Optically probing charge and spin states in quantum dots and molecules

In this talk I will discuss recent experiments in which we electrically manipulate coupled excitonic states (neutral and negatively charged single excitons) in individual QD-molecules using static electric fields. The samples investigated consist of a single pair of vertically stacked, self assembled InGaAs QD-molecules embedded in an n-type GaAs Schottky photodiode. This device geometry enables us to control the coherent coupling between excitonic states in the upper and lower dots by tuning the electric field oriented along the axis of the QD-molecule by applying a bias voltage between the n-contact and the Schottky-gate. New information is obtained on the spin structure of negatively charged trions in coupled quantum dot nanostructures. At low excitation power densities, field dependent luminescence reveals a clear anticrossing of spatially direct (e,h in the same dot) and indirect (e,h in different dots) neutral excitons, with coupling energies in the range 2E$_{ee}$=1.2-3.2meV. Our experimental findings are shown to be in very good accord with realistic calculations of the single exciton spectrum, confirming that the tunnel coupling is mediated by hybridization of the electron component of the exciton wavefunction over the two dots.
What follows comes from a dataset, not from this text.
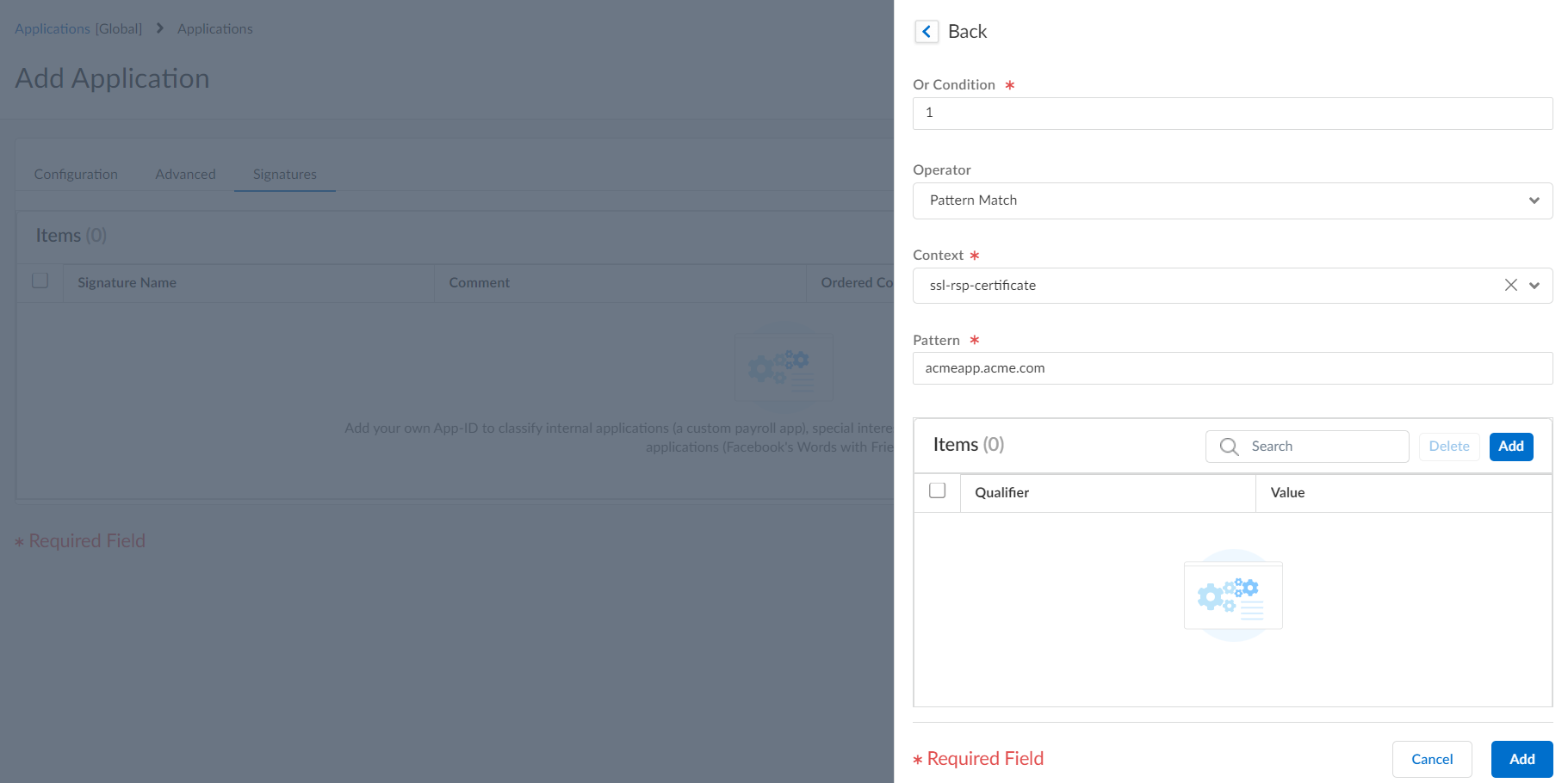 Repeat steps 4.c and 4.d for each matching condition.If the order in which your configuration attempts to match the signature definitions is important, make sure the Ordered Condition Match check box is selected and then order the conditions so that they are evaluated in the appropriate order. Select a condition or a group and select the Up Arrow or Down Arrow. You can't move conditions from one group to another.Select Add to save the signature definition.Save the application.Validate that traffic matches the custom application as expected.- Select ConfigurationNGFW and Prisma AccessSecurity ServicesSecurity Policy and select Add Rule add a Security security rule to allow the new application.Run the application from a client system and then check the Traffic logs (Incidents & AlertsLog ViewerFirewall/Traffic) to make sure that you see traffic matching the new application (and that it's being handled per your policy rule).(Optional) Add tags to your custom application. Keep in mind, this cannot be done during the initial creation of the custom application.

In contrast, the spectrum and controlled hybridization of \textit{negatively} charged excitons is shown to be much richer due to the complex spectrum of three particle states (X$^{-}$=2e+1h) that can exist in a QD-molecule. For example, the spin structure of the spatially localized and dissociated X$^{-}$ states is found to play a major role in the spectrum of controlled hybridization with distinct triplet and single states evolving very differently as the coupling is tuned. The demonstration of tunable coupling and manipulation of spin and exchange couplings in negatively charged systems may constitute an important step towards the development of optically gateable QD-molecules for applications in quantum information science.